English diplomat and scholar

John Doget (c. 1435–1501) was an English diplomat, scholar and Renaissance humanist. He was the nephew of Cardinal Thomas Bourchier, Archbishop of Canterbury. He was born in Sherborne, Dorset, and was probably educated in Bourchier's household before being admitted to Eton College as a king's scholar about 1447. From Eton he passed to King's College, Cambridge, in 1451, and became a fellow there in 1454.

In 1460 Doget was ordained, and gained his Master of Theology in 1464. In the same year he left Cambridge and went to Bologna, where he studied Canon law and earned his doctorate in 1469. He returned to Cambridge in 1463.

Doget was sent to Rome to help arrange a peace between Pope Sixtus IV and Florence in 1479, dealing also with the princes of Sicily and Hungary. He was then appointed to an embassy to Christian I of Denmark. He was appointed domestic chaplain to Richard III in 1483.

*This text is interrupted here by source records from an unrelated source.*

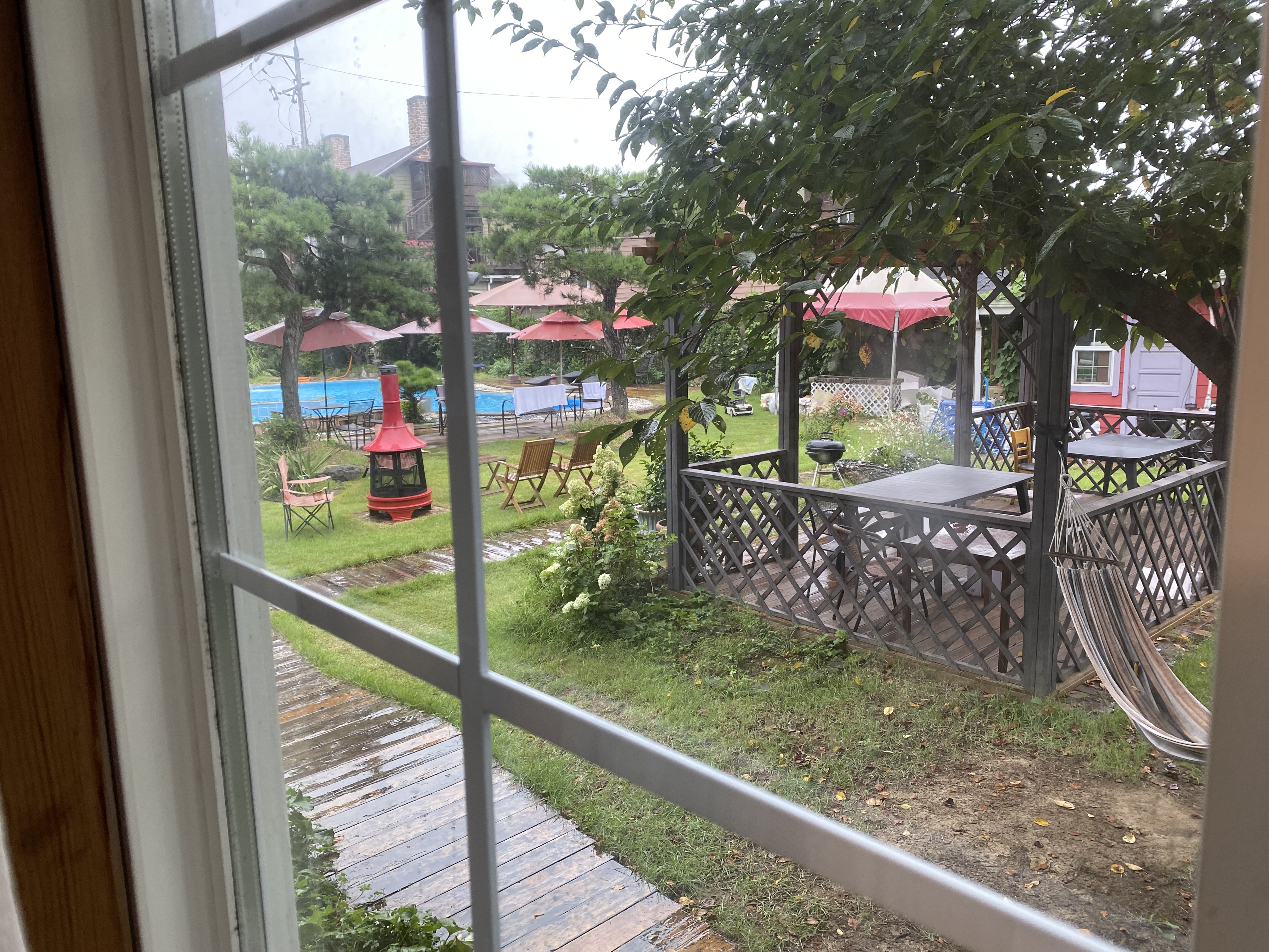 다음 날 아침 비가 추적추적 내렸습니다. 창밖으로 보이는 비 오는 풍경 또한 아름답네요.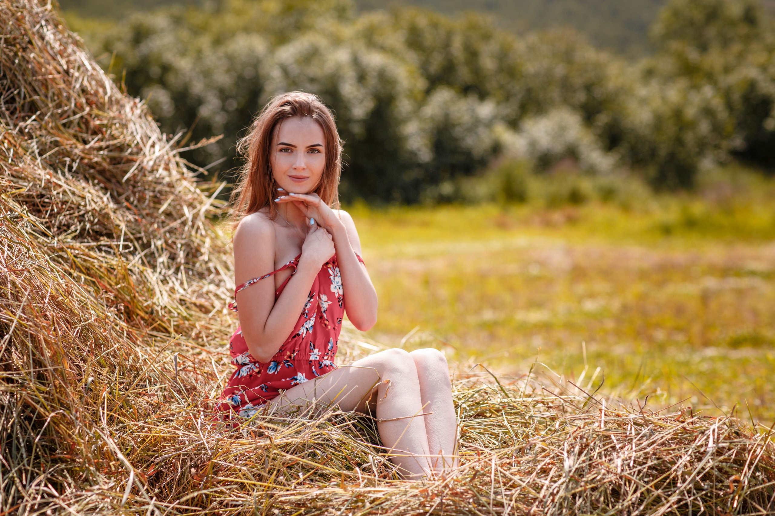 девушка, молодая женщина, молодые женщины, платья, ног, рука, шатенки, сидящие, сидя, сене, боке обои картинки скачать на рабочий стол ПК, планшета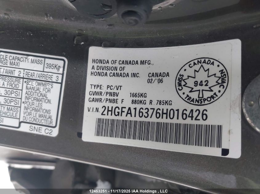 - Vin: 2HGFA16376H016426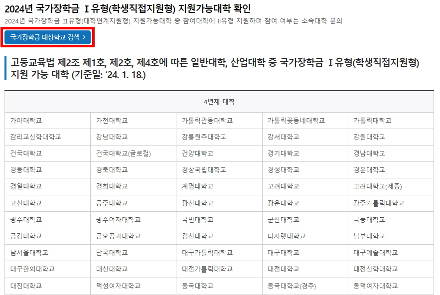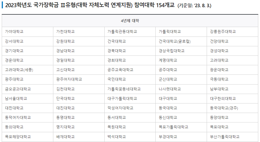 2023년 대학구조개혁위원회 심의 결과, 국가장학금 Ⅰ유형(학생직접지원형)의 지원가능대학은 아래와 같습니다. 여기에 해당하는 대학의 대학생만이 국가장학금 Ⅰ유형을 지원받을 수 있습니다. 거의 모든 대학이 해당이 되지만 그래도 확인은 해보시기 바랍니다.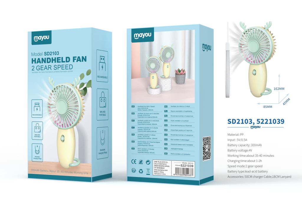• SD2120 Mini Ventilador de mesa, 1 Velocidad, baterias recargable de plomo acido 300mAh, Azul+Blanco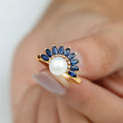 Half Flower Engagement Ring is engraved with Solitaire Fresh Water Pearl in the center with Marquise Shape Blue Sapphire in the prong setting makes lovely floral. This gorgeous accessory for parties and weddings.

At some time between 1473 and 1486, he presented his Examinatorium in Phaedonem Platonis, the first philosophical work by an English humanist, to Cardinal Bourchier. The text of the Phaedo on which Doget comments is the translation of Leonardo Bruni. As Roberto Weiss has pointed out in the commentary, "his aim appears to have been an interpretation of some of Plato's passages as Christian maxims. Because of this he deals principally with an explanation of obscure passages in the Phaedo, which are presented so as to emphasize their common points with Christian doctrine" (Weiss, p. 166). The neoplatonic texts cited by Doget, which include Marsilio Ficino's Latin version of the Pimander, or Poemander, of Hermes Trismegistus, are seen through the prism of Christian apologetics, and the Phaedo was no doubt chosen in the first place as a vehicle for his commentary because it could be presented as a mythologized version of Christian doctrine. Doget's manuscript was later purchased by another humanist, Robert Sherborn, Bishop of Chichester.

Henry VII presented him to the provostship of King's College in 1499. In 1500 he managed to obtain a licence from the King to impress men and boys into the King's College Choir, a much-needed privilege due to the complexity of polyphonic music at the time - skilled choir members were in high demand, Lady Margaret Beaufort having seized three clerks and a chorister from King's the year before Doget's appointment.

His will is dated 4 March 1501 and bequeathed all his books on canon law and theology to King's College. He died the following month, and was buried in Salisbury Cathedral.